The United States is heading into 2026 with a federal minimum wage frozen at $7.25 an hour since July 2009—a wage so outdated that it no longer serves as a baseline for dignified work. Over the past 17 years, the costs of housing, food, transportation, and health care have surged, while the wage floor has remained unchanged. Workers today are effectively paid less in real purchasing power than minimum-wage workers in the 1960s.
If the minimum wage had kept pace with inflation, it would be well over $12 an hour today. If it had tracked the growth of worker productivity—the value employees generate for employers—it would now be in the range of $22–$25 an hour. That number is not a coincidence: it is the range many economists say would be necessary in 2026 for a single adult to meet basic needs without public assistance.
And that is where the country finds itself. Corporations that long resisted raising wages are finally advertising “competitive” starting pay of around $20–$23 an hour, not because they are suddenly committed to lifting workers out of poverty, but because that is simply what the minimum wage should be in 2026 if it had grown at even a modest, historically normal rate.
The Amazon Example — Poverty Wages Marketed as Generosity
Amazon—one of the largest employers in the United States—has recently highlighted that its average starting wage now exceeds $23 an hour. At first glance, this sounds like progress. But a closer look reveals a more troubling truth: Amazon isn’t leading; it is catching up to the bare minimum that the federal government should have set years ago.
With rent up dramatically over the past decade, groceries rising nearly 25 percent since 2020, and transportation, utilities, and childcare costs climbing steadily, a $23 wage does not stretch as far as employers claim. A full-time worker earning $23 an hour brings home about $47,800 a year before taxes—well below what most economic models define as a “living wage” for a family in nearly every region of the country. For many households, that income still qualifies them for public assistance.
Corporations framing $23 an hour as a transformative, family-supporting wage is at best misleading.
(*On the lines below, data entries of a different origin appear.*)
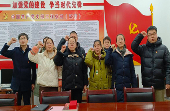 重温一次誓词,重忆一次初心。党员们在支部书记的带领下,一起高举右拳,再次庄严宣誓,字字铿锵有力,一字一句,神圣而豪迈,铮铮誓言,体现了党员同志们对中国共产党的无限忠诚,坚定了入党使命、奋斗初心。
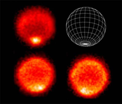 A warm south pole? Yes, on Neptune! NASA/JPL NEWS RELEASE Posted: September 19, 2007 PASADENA, Calif. -- An international team of astronomers has discovered that Neptune's south pole is much hotter than the rest of the planet. They have published the first temperature maps of the lowest portion of Neptune's atmosphere, which show that this warm south pole is providing an avenue for methane to escape out of the deep atmosphere. "The temperatures are so high that methane gas, which should be frozen out in the upper part of Neptune's atmosphere, the stratosphere, can leak out through this region," said Glenn Orton of NASA's Jet Propulsion Laboratory, Pasadena, Calif. Orton is lead author of a paper appearing in the Sept. 18 issue of the journal Astronomy and Astrophysics. These findings were made using the Very Large Telescope, located in Chile, operated by the European Organization for Astronomical Research in the Southern Hemisphere (known as ESO).
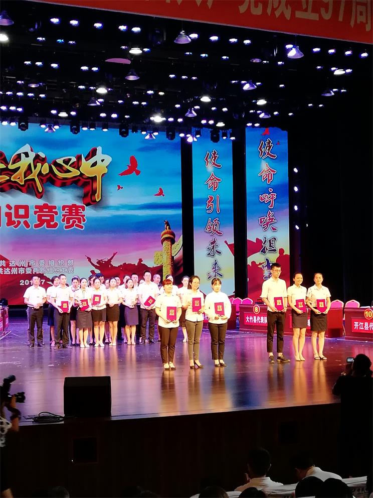 快訊 為慶祝中國(guó)共產(chǎn)黨建黨97周年,7月2日,達(dá)州市兩新組織在巴山大劇院隆重舉行了“黨在我心中”知識(shí)競(jìng)賽決賽。達(dá)州市城鎮(zhèn)公用行業(yè)協(xié)會(huì)聯(lián)合黨支部朱芳玲(四川森博能源有限公司職工),黨建指導(dǎo)員、市委統(tǒng)戰(zhàn)部經(jīng)濟(jì)科科長(zhǎng)黎秋,市現(xiàn)代物流行業(yè)協(xié)會(huì)副書記向琦等三同志代表市社會(huì)組織第二綜合黨委參加了知識(shí)競(jìng)賽決賽,通過緊張激烈的競(jìng)賽,獲得了二等獎(jiǎng)的優(yōu)異成績(jī),為社會(huì)組織第二綜合黨委和本單位爭(zhēng)得了榮譽(yù)。

In reality, they are paying 2026 workers what the minimum wage should already be, while continuing to oppose federal wage standards that would ensure all workers—not just those employed by massive multinationals—earn a fair baseline income.
Seventeen Years Without an Update Is a Policy Choice
America’s wage floor did not stagnate by accident. Congressional inaction — driven largely by lobbying from the same corporations now boasting about their pay—has held the minimum wage flat while inflation has steadily eroded its value. The result is a growing gap between what workers earn and the actual cost of living.
Meanwhile, 30 states and dozens of cities have raised their own minimum wages to reflect economic reality. Their economies have not collapsed. Instead, workers spend more locally, businesses experience lower turnover, and communities benefit from greater financial stability. The federal government remains the outlier.
Workers Are Producing More and Receiving Less
Today’s workers are more productive, more technologically skilled, and more efficient than ever before. But the economic gains generated by their labor have increasingly flowed upward, not back to the people who create the value. The decoupling of productivity and pay—the defining economic story of the last 40 years—is one reason the “$23 average wage” touted by Amazon and others is not a sign of generosity but a sign of systemic failure.
If productivity had continued to influence minimum-wage policy, the wage floor would be nearly identical to what Amazon is paying today. The company is not exceeding expectations; it is benefiting from a broken policy structure that lets private employers define what ‘fair pay’ means, even when that pay still leaves families struggling.
Raising the Federal Minimum Wage Is Long Overdue
American workers should not depend on corporate branding campaigns to secure basic economic dignity. Raising the federal minimum wage—indexed to inflation and paired with strong enforcement—is the most effective way to ensure that all working people share in the prosperity they help create.
Until Congress acts, employers will continue to describe wages that barely keep families afloat as if they are a gift. And working people will continue to subsidize corporate profits through public assistance, personal debt, and impossible choices between rent, medicine, and groceries.
Seventeen years of inaction is enough. A federal minimum wage that keeps pace with both inflation and productivity isn’t just an economic necessity—it’s a moral one.